Thanks, Loren. The info about the free version is indeed a bit hidden.
Stumbled onto your site this morning. Great stuff man! Wanted to comment about this as I’ve been thinking about it a LOT lately. I am a heavy Keepass user. Mac, Windows, Droid, iPhone, Blackberry, and Winmo. Every major platform. Many of which are synced using Dropbox. I use a lot of the automation stuff that is in Keepass.
What I recall is that Keepass 2.0 is capable of working in a multi-user environment, but the 2.0 database isn’t compatible with all platforms.
You may have heard of it, but I also stumbled onto Remote Desktop Manager (RDM) – http://remotedesktopmanager.com – this morning, and it has a lot of the automation stuff that Keepass has (it is basically it’s first line duty), but it also can store (twice encrypted) passwords and configuration information in SQL, and can run in a read-only off-line mode (as well as from EC2 if that’s your preference) when you aren’t connected. If you have heard of RDM, what are your thoughts about it. If you haven’t I’d recommend giving it a look!
I highly recomend using TiddlyWiki for password storage on a safe network share.

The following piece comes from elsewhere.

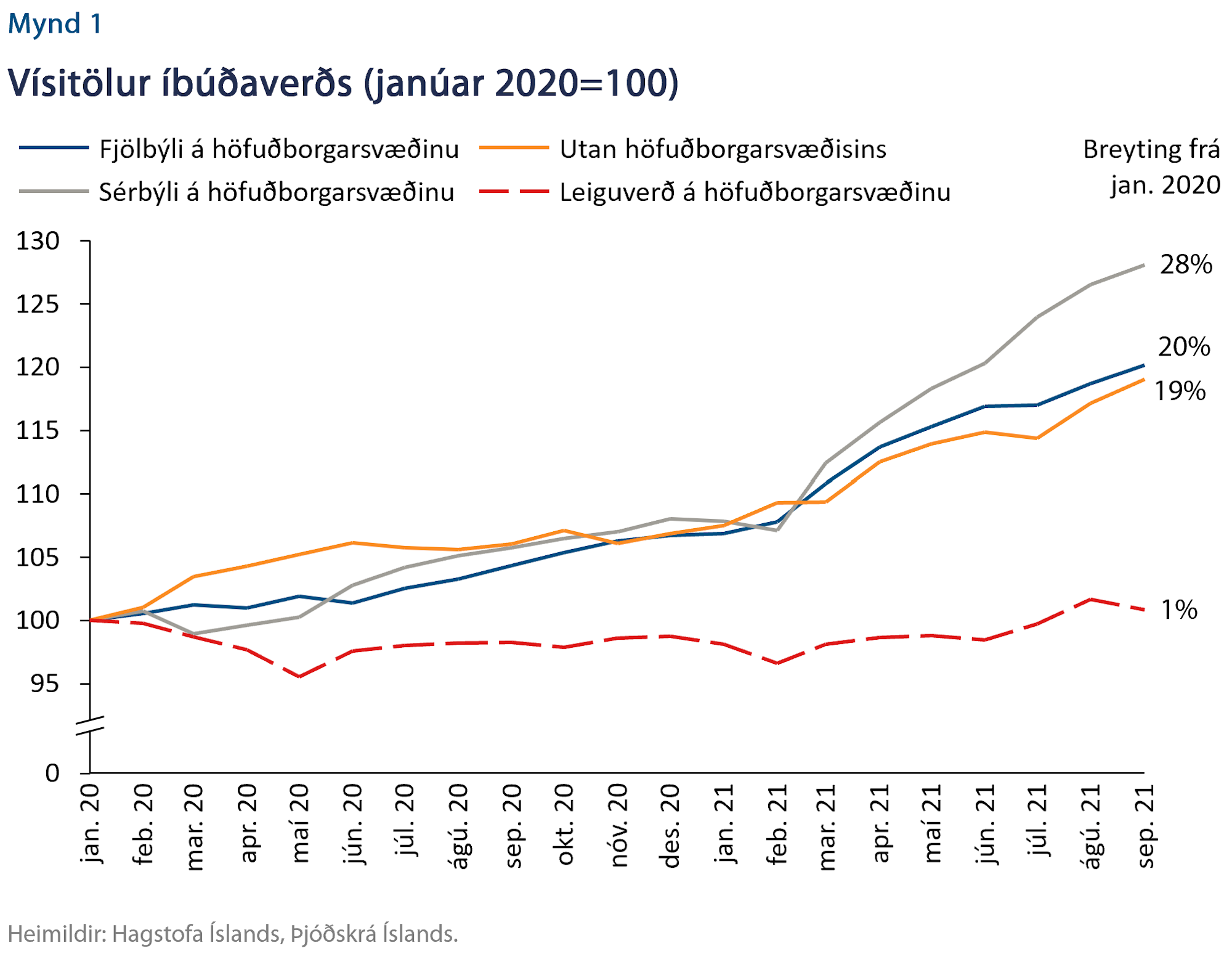Allt þetta breyttist í kjölfar þess að heimsfaraldurinn skall á af fullum þunga í mars 2020. Um mitt ár 2020 fór að bera á aukinni veltu auk styttri sölutíma og er leið á árið fylgdu hraðari verðhækkanir í kjölfarið, en á höfuðborgarsvæðinu voru þær um 3,6% milli ára í mars en 6% í október. Þessi þróun kom svo fram af fullum krafti á þessu ári og hefur íbúðaverð nú hækkað um 15% milli ára á landinu öllu, þar af 21% í sérbýli á höfuðborgarsvæðinu (mynd 1). Öðru gegnir um leiguverð sem hefur nánast staðið í stað frá ársbyrjun 2020.

It is basically one html file which writes changes to itself. You need no third party program to run it apart from the normal browser, if everything fails you can still view the contents from any text editor. Easy to put on a usb stick and store in a bank vault. Good for searching. Since it is a wiki it has multi user support (only one for writing at the time though) and a timeline of recent changes. Also offers backups, by saving a copy of the whole file each time you write to it.

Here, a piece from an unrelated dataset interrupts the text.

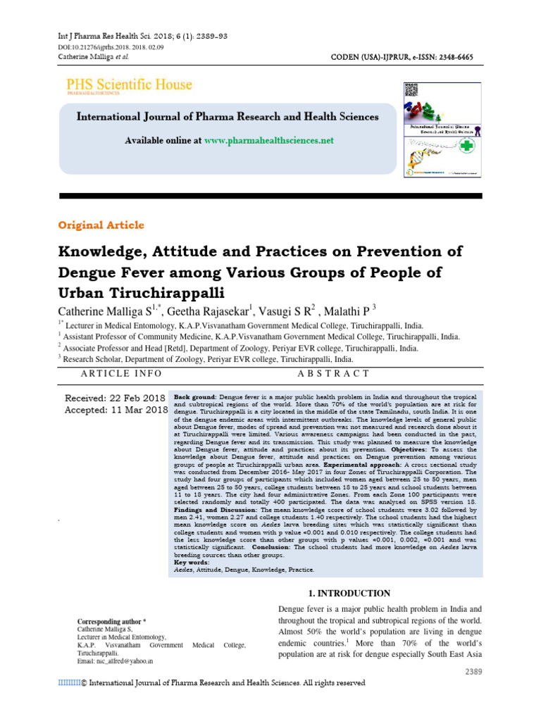 Accepted: 11 Mar 2018 dengue. Tiruchirappalli is a city located in the middle of the state Tamilnadu, south India. It is one

Looks like an interesting option if you ensure that the HTML file is encrypted. However, Secret Server has quite a few specific password management features like password templates, auditing and reporting
It seems that the secret server is really very helpful to admins or users. The main advantage I think is its capability of storing other data in addition to passwords. I don’t think that the single user feature will be a problem for large organization as the account can be handled by the system manager through whom all other users will get the required data. In this way the management will track individual activity also.
Quite an impressive article on details about Secret Server from Thycotic. Most of the features are like that of other password management tools available in web. But it has also unique advantages like storing other details in addition to passwords which is rare. So now another great tools for system administrators.